Then the Strat-Bat simply sat there.

"They're taking their own good time about it," Hershey said after a while.

"It's a power play," said Dredd. "The drokkers are making it clear that they're at no one's beck and call. That's what I'd do."

At length, an access ramp racked itself down from a side hatch. A figure emerged and strolled across to Dredd and Hershey, the collar of its synthi-leather jacket turned up against the rain.

As the figure grew closer, it became distinguishable as female, and Chief Judge Hershey recognised her: a strong-featured woman in her early thirties, of predominantly Afro-Caribbean/Chinese descent. Despite herself, Hershey found it a little incongruous - what with all the received-wisdom clichés of Brit-Cit being inhabited by pasty-faced, chinless, inbred Lords and Ladies, it was easy to forget that Brit-Cit was every bit as much of a mixed culture as the Mega-City ever was, if not more so.

"Wotcha," the woman said. "Detective Judge Treasure Steel, Brit-Cit Criminal Interrogations Division, Flying Squad, at your service."

"I know," said Chief Judge Hershey. "We've met before."

 

Indeed they had. Over a decade before, Chief Judge Hershey had been a Street Judge and Treasure Steel, a Brit-Cit Rookie, indentured to a certain Detective Judge Armitage for a year-long period of observation and evaluation, which she could have failed at a moment's notice at any time.

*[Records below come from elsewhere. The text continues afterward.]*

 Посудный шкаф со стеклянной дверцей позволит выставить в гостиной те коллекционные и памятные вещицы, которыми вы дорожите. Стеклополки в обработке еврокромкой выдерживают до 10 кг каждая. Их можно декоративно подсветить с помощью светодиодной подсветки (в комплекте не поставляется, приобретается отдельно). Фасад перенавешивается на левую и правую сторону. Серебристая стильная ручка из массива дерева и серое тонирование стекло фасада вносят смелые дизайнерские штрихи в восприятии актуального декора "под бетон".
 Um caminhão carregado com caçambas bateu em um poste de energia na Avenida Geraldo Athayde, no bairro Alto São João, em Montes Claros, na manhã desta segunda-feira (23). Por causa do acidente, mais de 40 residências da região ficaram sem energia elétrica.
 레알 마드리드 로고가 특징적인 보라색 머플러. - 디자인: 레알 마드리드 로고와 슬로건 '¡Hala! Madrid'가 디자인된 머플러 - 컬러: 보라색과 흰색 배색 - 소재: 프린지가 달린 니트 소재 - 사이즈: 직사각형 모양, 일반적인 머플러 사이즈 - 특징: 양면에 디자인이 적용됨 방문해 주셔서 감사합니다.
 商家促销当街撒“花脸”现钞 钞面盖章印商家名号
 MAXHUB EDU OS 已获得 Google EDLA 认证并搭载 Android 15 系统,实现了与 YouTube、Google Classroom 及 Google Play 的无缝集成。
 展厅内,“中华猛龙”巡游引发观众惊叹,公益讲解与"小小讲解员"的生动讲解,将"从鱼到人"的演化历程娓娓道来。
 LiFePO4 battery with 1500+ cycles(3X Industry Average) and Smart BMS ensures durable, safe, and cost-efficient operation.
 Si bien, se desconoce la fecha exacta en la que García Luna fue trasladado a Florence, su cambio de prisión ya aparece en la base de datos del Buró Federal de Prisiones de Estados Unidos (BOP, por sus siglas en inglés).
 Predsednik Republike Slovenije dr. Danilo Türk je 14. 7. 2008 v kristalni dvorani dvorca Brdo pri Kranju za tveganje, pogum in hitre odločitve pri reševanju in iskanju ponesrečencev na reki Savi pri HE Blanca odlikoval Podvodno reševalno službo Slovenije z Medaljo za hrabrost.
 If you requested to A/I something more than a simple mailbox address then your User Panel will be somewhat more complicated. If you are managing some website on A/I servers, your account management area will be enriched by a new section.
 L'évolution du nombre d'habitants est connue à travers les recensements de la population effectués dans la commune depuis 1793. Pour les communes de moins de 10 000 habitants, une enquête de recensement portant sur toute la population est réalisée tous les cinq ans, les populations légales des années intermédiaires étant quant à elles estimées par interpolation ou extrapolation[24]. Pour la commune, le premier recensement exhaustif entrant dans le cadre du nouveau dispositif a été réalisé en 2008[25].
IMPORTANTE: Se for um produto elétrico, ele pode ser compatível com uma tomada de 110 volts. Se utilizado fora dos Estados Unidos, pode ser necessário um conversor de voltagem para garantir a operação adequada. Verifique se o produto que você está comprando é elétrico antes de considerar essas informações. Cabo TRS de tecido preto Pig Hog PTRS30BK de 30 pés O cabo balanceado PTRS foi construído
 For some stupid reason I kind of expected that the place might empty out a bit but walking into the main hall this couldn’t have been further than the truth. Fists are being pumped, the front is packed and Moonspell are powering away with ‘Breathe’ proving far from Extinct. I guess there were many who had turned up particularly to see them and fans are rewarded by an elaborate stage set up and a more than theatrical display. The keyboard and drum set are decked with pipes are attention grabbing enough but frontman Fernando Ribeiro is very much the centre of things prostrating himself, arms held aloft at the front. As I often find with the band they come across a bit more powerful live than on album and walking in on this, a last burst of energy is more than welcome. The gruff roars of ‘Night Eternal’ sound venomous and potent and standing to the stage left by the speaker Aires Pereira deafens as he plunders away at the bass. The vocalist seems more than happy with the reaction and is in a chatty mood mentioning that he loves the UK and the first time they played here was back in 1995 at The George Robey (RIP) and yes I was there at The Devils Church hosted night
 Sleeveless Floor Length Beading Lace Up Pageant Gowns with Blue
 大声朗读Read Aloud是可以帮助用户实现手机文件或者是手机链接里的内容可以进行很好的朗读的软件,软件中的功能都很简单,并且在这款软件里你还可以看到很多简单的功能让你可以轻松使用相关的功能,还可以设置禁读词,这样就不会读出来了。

Hershey had been ordered to Brit-Cit to locate and contain a rogue biological organism, which had originated in the Big Meg.

The Rookie Treasure Steel - as she was then known - had been detailed to act merely as liaison, little more than a glorified chauffeur, ferrying Hershey around as the mission required.

In fact, showing remarkable resource and acuity of mind even then, Steel had conducted an investigation into the matter on her own, and discovered that the "rogue" organism was in fact an engineered and prototypical bio-weapon. And that it had been engineered, at least in part, with Mega-City Justice Department funding.

In short, it had not exactly been the Justice Department of Mega-City One's finest hour.

 

"I remember," said Detective Judge Treasure Steel, as she was now known. "I told you to give me a call if you ever needed another hand."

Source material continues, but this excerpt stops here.